TASK OBJECTIVE: Repeat only the stretch of lines below that runs from the line with "Шаг 4. Когда" through the line with "公众聚集场所投入使用、营业前", unaltered.

RECORDS FOR THE TASK:
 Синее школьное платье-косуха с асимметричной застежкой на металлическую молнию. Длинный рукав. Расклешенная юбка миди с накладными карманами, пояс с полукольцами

* * *

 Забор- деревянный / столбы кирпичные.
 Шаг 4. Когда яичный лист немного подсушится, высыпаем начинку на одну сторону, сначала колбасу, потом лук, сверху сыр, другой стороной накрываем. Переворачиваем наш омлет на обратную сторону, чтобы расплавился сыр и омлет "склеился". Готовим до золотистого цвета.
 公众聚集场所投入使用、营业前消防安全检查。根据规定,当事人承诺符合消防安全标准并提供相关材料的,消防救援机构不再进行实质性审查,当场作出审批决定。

COMPLETED EXERCISE:
 Шаг 4. Когда яичный лист немного подсушится, высыпаем начинку на одну сторону, сначала колбасу, потом лук, сверху сыр, другой стороной накрываем. Переворачиваем наш омлет на обратную сторону, чтобы расплавился сыр и омлет "склеился". Готовим до золотистого цвета.
 公众聚集场所投入使用、营业前消防安全检查。根据规定,当事人承诺符合消防安全标准并提供相关材料的,消防救援机构不再进行实质性审查,当场作出审批决定。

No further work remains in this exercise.